Mayor of Carolina, Puerto Rico
- In office 1984 – May 5, 2007
- Preceded by: Roberto Iglesias Pérez
- Succeeded by: José Carlos Aponte Dalmau

Personal details
- Born: December 5, 1941 Cayey, Puerto Rico
- Died: May 5, 2007 (aged 65) Hato Rey, Puerto Rico
- Party: Popular Democratic Party (PPD)
- Spouse: Carmen Idalia Dalmau Ferrer
- Education: University of Puerto Rico (B.Ed.) City University of New York (MBA)

= José Aponte de la Torre =

Puerto Rican mayor

José Ernesto Aponte de la Torre (December 5, 1941 – May 5, 2007) was a Puerto Rican politician, and was the mayor of Carolina, Puerto Rico for 22 years.

==Biography==
Aponte de la Torre was born and raised in Cayey, Puerto Rico in 1941. He was the son of Ernesto Aponte Mendoza, who had fought at World War II with the 65th Infantry Regiment, and Justina de la Torre. When his father died in the Korean War he and his mother moved to Caguas. It was in Caguas where years later he would meet Carmen Idalia Dalmau Ferrer, who would be his wife later on.

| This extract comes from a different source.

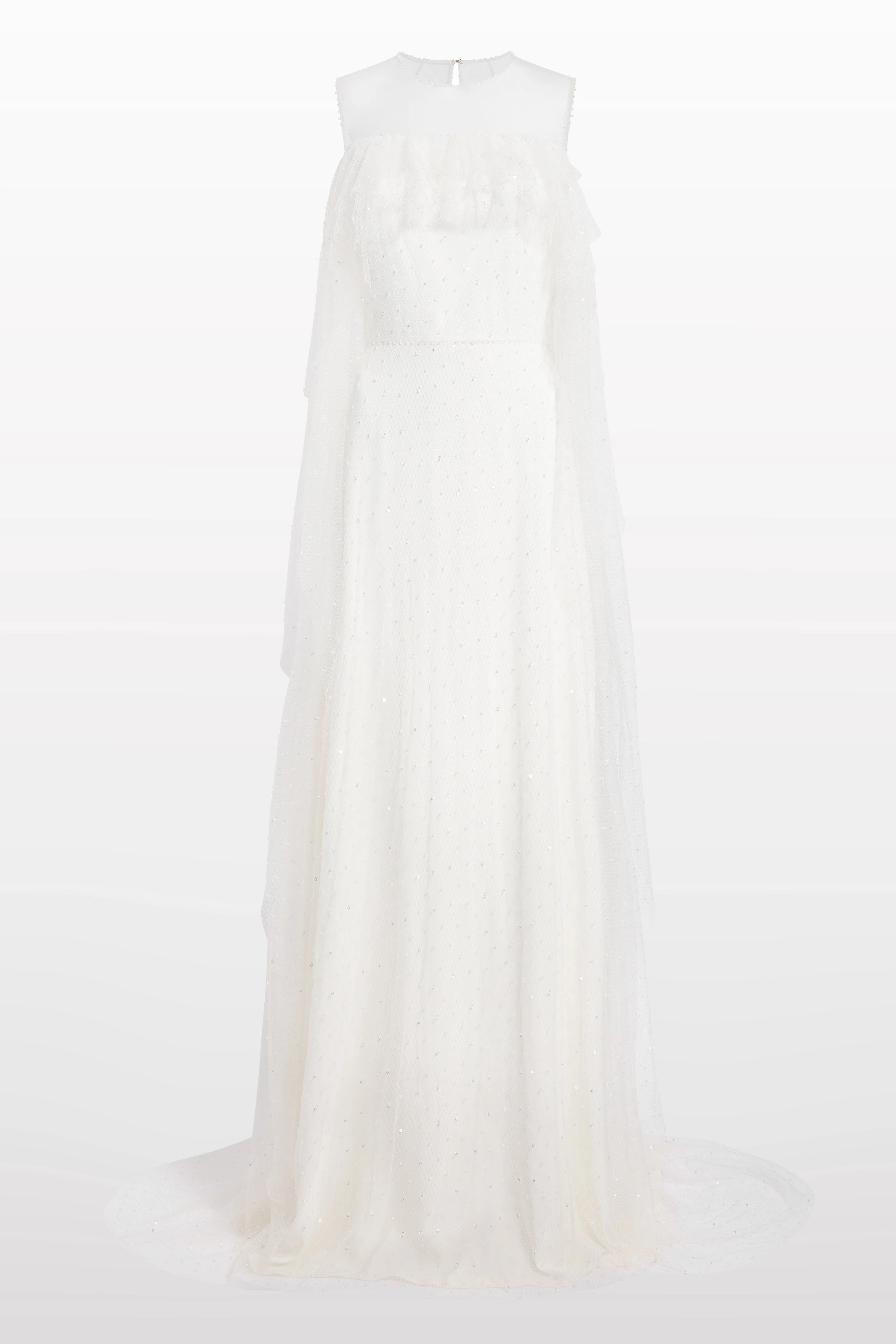 This designer bridal gown exudes ethereal sophistication with its off-shoulder neckline and cascading layered cape sleeves. The fluid silhouette is adorned with delicate embellishment that subtly illuminates the fabric, creating an understated shimmer in motion. Combining modern artistry with timeless grace, this luxury wedding dress embodies refined elegance and effortless romance. Sheer panel Ruffled detailing Cold-shoulder design Rear zip fastening

Aponte then moved to Carolina and continued college. He obtained a Bachelor in Education with a concentration in Industrial Arts at the University of Puerto Rico in Río Piedras and a Master in Administration and Supervision at the University of New York. Aponte became a schoolteacher and directed the Vocational School of Carolina, Carlos F. Daniels, before joining the politics of the island.

He joined the Popular Democratic Party and was elected as the mayor of Carolina in 1984, succeeding Roberto Iglesias Pérez. He made major changes in the city, pulling it off from a deficit and significantly improving the economics. Aponte was also the director of the Mayor's Association from 2001 to 2006 when he retired from that charge.

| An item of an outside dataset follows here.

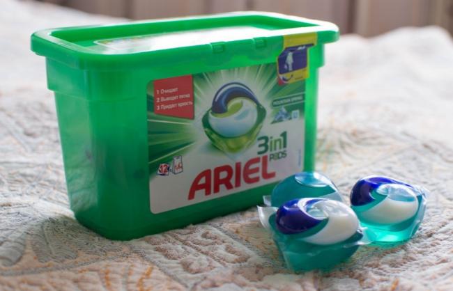 Весьма популярный продукт среди чистящих средств. Производится как для белого, так и для цветного белья. «Бомбочки» зеленого цвета предназначены для светлого белья, а фиолетово-синие для цветного. Вещества, содержащиеся в препарате, восстанавливают ткани ее оттенок и повышают яркость красок. Судя по отзывам, изделие от известного во всем мире производителя наносит мощный удар по самым сложным загрязнениям, выводя их всего за одну стирку. При этом, продукция фирмы Ариэль придает ткани мягкость, не разрушая ее структуру и сохраняя цвет вещей. Компания Ариэль выпускает как моющее средство, состоящие из двух компонентов, так и трехкомпонентные – то есть либо гель и пятновыводитель, либо добавляя третье вещество – кондиционер.

Aponte was married to Daly Dalmau, and had three children, José Carlos, Ernesto, and Javier, and four grandchildren.

On May 5, 2007, Aponte died at the Intensive Care Unit of the Hospital del Maestro in Hato Rey at age of 65. He had been fighting respiratory complications since December 2006 and had been in the intensive care unit for over 27 days. Aponte had recently stopped smoking after more than 40 years. He was buried at Cementerio La Resurrección in Carolina, Puerto Rico.

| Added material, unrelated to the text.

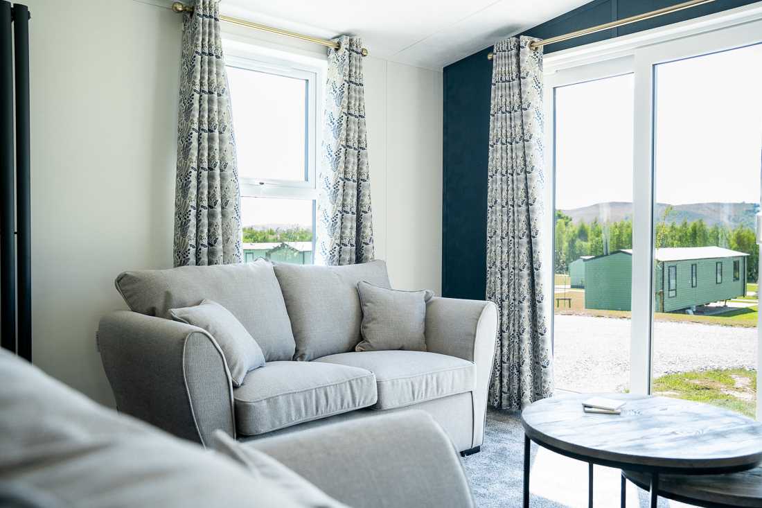 With a sophisticated blend of greys, oak finishes and navy blue feature walls, the Beverley Norwood strikes the perfect balance between neutral tones and stylish flair. Its thoughtfully designed interiors exude a sense of understated luxury, making it the perfect retreat for those who value quality and elegance. Upon entering the Norwood, guests are welcomed by a convenient bench seat equipped with coat hooks, ideal for removing shoes and storing outerwear. The open-plan living area features a well-appointed kitchen, complete with an integrated microwave, fridge/freezer, 4-burner gas hob, electric oven and grill, as well as ample storage space. This area is further enhanced by the inclusion of an integrated washing machine and dishwasher, ensuring convenience and efficiency. The dining area is furnished with a robust wooden table and comfortable seating for four, creating an inviting space for meals and gatherings. The lounge area is designed for relaxation, featuring two free-standing sofas, a nest of two coffee tables, and a striking backlit fireplace that fosters a warm and welcoming ambiance. The master bedroom is a sanctuary of comfort, boasting a king-sized bed, a walk-in wardrobe, a fitted wardrobe, and an en-suite shower room complete with a WC, hand basin, and practical integrated shelving. The spacious twin bedroom offers generous over-bed storage and a fitted wardrobe for added convenience. The family bathroom is thoughtfully designed, featuring a bath with an overhead shower, a WC, a hand basin with storage, and a heated towel rail, providing all the essential amenities for a comfortable stay.

Aponte was succeeded by his older son, José Carlos Aponte Dalmau. This was announced May 10, 2007.

==Legacy==

The airport in Ceiba, Puerto Rico is named after him. The State Government Services Building in Carolina was named after former Mayor Jose Aponte de la Torre. The Municipal Service Center in the Isla Verde sector of Carolina was named after José Aponte de la Torre.